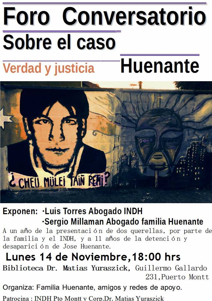 A un año de la presentación de dos querellas y a 11 años de la detención y desaparición de José Huenante, el lunes 14 de noviembre, a las 18 horas, en la Biblioteca Matías Yuraszick (Guillermo Gallardo 231) de Puerto Montt, se realizará el Foro conversatorio sobre el caso de José Huenante, en el que expondrán Luis Torres, Abogado del INDH, y Sergio Millaman, abogado de la familia Huenante.
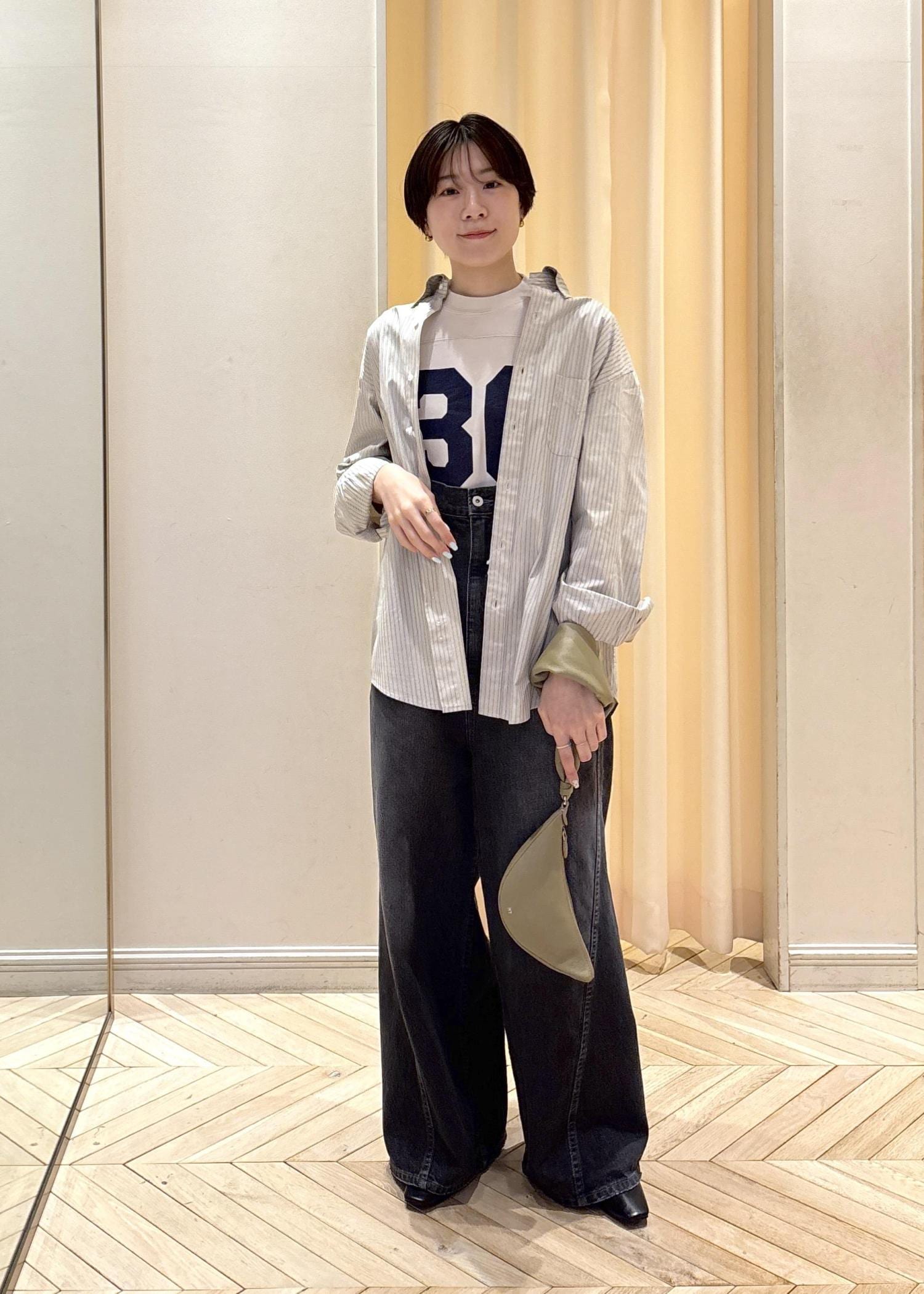 カジュアルなスタイリングが好きなので、ロゴTEEにシャツでとことんカジュアルに合わせました!
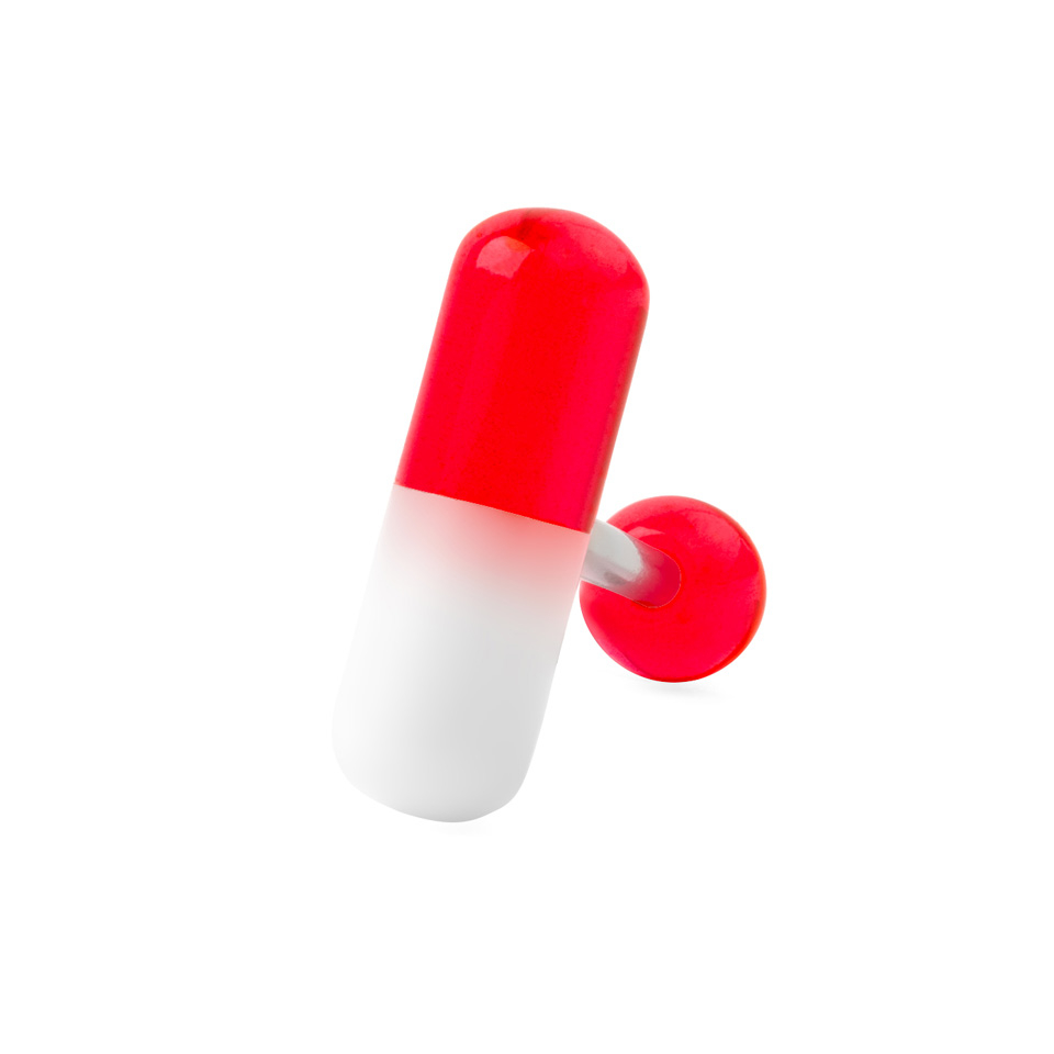 De staaf van deze tongpiercing is gemaakt van chirurgisch staal, terwijl de sluitbal en de super vette twee kleurige pil van acryl gemaakt zijn, een veilig materiaal om in de mond te gebruiken. Acryl is een plastic materiaal dat naast dat het nikkelvrij is, ook nog eens beschermend is voor je tanden en tandvlees wanneer je het in je mond draagt.
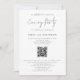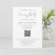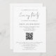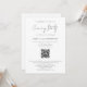 Festa de Casamento de Código QR do Script Moderno da Noite. Disponível digitalmente e impresso. Adicione seu código QR ao seu site de casamento para que seus convidados possam RSVP e ver todos os detalhes on-line sem a necessidade de gabinetes separados. Uma tipografia informal em preto para o Partido da Noite complementando o resto do texto que você pode facilmente personalizar.
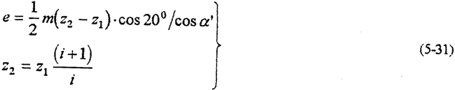由上式知,當齒數(shù)差Z2-Z1越小或傳動比i越大時,偏心距e越;壓力角越大時,偏心距e越大,則選用的行星軸承尺寸大,齒板高速軸承孔徑也就大。圖5-17是傳動比、壓力角、以減速器行星軸承載荷的影響。由圖可見,傳動比的變化對減速器的動力性能影響極大;傳動比越大,則偏心距越小。由式(5-30)分析得,行星軸承載荷必須大。壓力角的變化,對行星軸承載荷影響小得多。
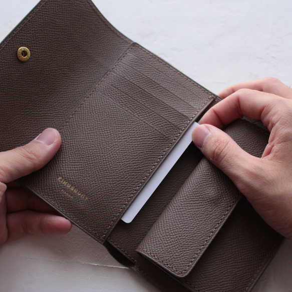 シンプル且つ大容量のミドルサイズのお財布です。 お札ポケットは2辺解放型で紙幣の出し入れがストレスなく行えます。 通常のミドルサイズのお財布と比べスリムな仕上がりとなっているため、手に握りやすくハイグレードレザーならではのコシのある質感を感じることができます。 サイズ:W14 × H9 × D3.5 仕様:カードポケット×5、フリーポケット×1、お札ポケット×1、コインケース×1 素材には多くのハイブランドにも使用される高品質なフレンチレザーを使用しております。 【 ヴォー・エプソン 】 細かな型押し加工を施した、張りがありしっかりとした質感の牛革 ヴォー・エプソンでお選び頂けるカラーの見本はこちら↓ 【 シェーブル 】 細かいシボと繊細な光沢感を持つヤギ革 シェーブルでお選び頂けるカラーの見本はこちら↓ 【 バイカラーオーダーについて 】 KINGSBURYでは追加料金無しでバイカラーでのオーダーも可能です。 商品本体の外側と内側や本体とベルト、カードポケットの一部分だけなど、可能な範囲内でお承り致します。 バイカラーオーダーでご希望の方は、オーダーの際カラー選択欄は「バイカラーオーダー」を選択して頂きまして、備考欄にてご希望の配色をご教示くださいませ。 (複雑な配色でご希望の方や、配色のバランスなどについてご相談したい方は一度お問い合わせ頂くとスムーズです。) バイカラーオーダー例↓ <ご注文方法> こちらの商品は受注生産になります。 現在非常に沢山のオーダーを頂いておりまして、お渡しまで5〜6週間程いただいております。 その分丁寧に製作を進めてさせて頂きますのでご了承頂けますと幸いです。 ※ギフト用などでどうしてもお急ぎの方は一度ご相談ください。 ご注文の際は「カートに入れる」より、ご注文の手続きを行ってください。 その他ご不明点などございましたらお気軽にお問い合わせください。 |

What this task involves » Each record is to be copied word for word, with no images carried over.

Exercise response »
 A un año de la presentación de dos querellas y a 11 años de la detención y desaparición de José Huenante, el lunes 14 de noviembre, a las 18 horas, en la Biblioteca Matías Yuraszick (Guillermo Gallardo 231) de Puerto Montt, se realizará el Foro conversatorio sobre el caso de José Huenante, en el que expondrán Luis Torres, Abogado del INDH, y Sergio Millaman, abogado de la familia Huenante.
 カジュアルなスタイリングが好きなので、ロゴTEEにシャツでとことんカジュアルに合わせました!
 De staaf van deze tongpiercing is gemaakt van chirurgisch staal, terwijl de sluitbal en de super vette twee kleurige pil van acryl gemaakt zijn, een veilig materiaal om in de mond te gebruiken. Acryl is een plastic materiaal dat naast dat het nikkelvrij is, ook nog eens beschermend is voor je tanden en tandvlees wanneer je het in je mond draagt.
 Festa de Casamento de Código QR do Script Moderno da Noite. Disponível digitalmente e impresso. Adicione seu código QR ao seu site de casamento para que seus convidados possam RSVP e ver todos os detalhes on-line sem a necessidade de gabinetes separados. Uma tipografia informal em preto para o Partido da Noite complementando o resto do texto que você pode facilmente personalizar.
由上式知,當齒數(shù)差Z2-Z1越小或傳動比i越大時,偏心距e越;壓力角越大時,偏心距e越大,則選用的行星軸承尺寸大,齒板高速軸承孔徑也就大。圖5-17是傳動比、壓力角、以減速器行星軸承載荷的影響。由圖可見,傳動比的變化對減速器的動力性能影響極大;傳動比越大,則偏心距越小。由式(5-30)分析得,行星軸承載荷必須大。壓力角的變化,對行星軸承載荷影響小得多。
 シンプル且つ大容量のミドルサイズのお財布です。 お札ポケットは2辺解放型で紙幣の出し入れがストレスなく行えます。 通常のミドルサイズのお財布と比べスリムな仕上がりとなっているため、手に握りやすくハイグレードレザーならではのコシのある質感を感じることができます。 サイズ:W14 × H9 × D3.5 仕様:カードポケット×5、フリーポケット×1、お札ポケット×1、コインケース×1 素材には多くのハイブランドにも使用される高品質なフレンチレザーを使用しております。 【 ヴォー・エプソン 】 細かな型押し加工を施した、張りがありしっかりとした質感の牛革 ヴォー・エプソンでお選び頂けるカラーの見本はこちら↓ 【 シェーブル 】 細かいシボと繊細な光沢感を持つヤギ革 シェーブルでお選び頂けるカラーの見本はこちら↓ 【 バイカラーオーダーについて 】 KINGSBURYでは追加料金無しでバイカラーでのオーダーも可能です。 商品本体の外側と内側や本体とベルト、カードポケットの一部分だけなど、可能な範囲内でお承り致します。 バイカラーオーダーでご希望の方は、オーダーの際カラー選択欄は「バイカラーオーダー」を選択して頂きまして、備考欄にてご希望の配色をご教示くださいませ。 (複雑な配色でご希望の方や、配色のバランスなどについてご相談したい方は一度お問い合わせ頂くとスムーズです。) バイカラーオーダー例↓ <ご注文方法> こちらの商品は受注生産になります。 現在非常に沢山のオーダーを頂いておりまして、お渡しまで5〜6週間程いただいております。 その分丁寧に製作を進めてさせて頂きますのでご了承頂けますと幸いです。 ※ギフト用などでどうしてもお急ぎの方は一度ご相談ください。 ご注文の際は「カートに入れる」より、ご注文の手続きを行ってください。 その他ご不明点などございましたらお気軽にお問い合わせください。 |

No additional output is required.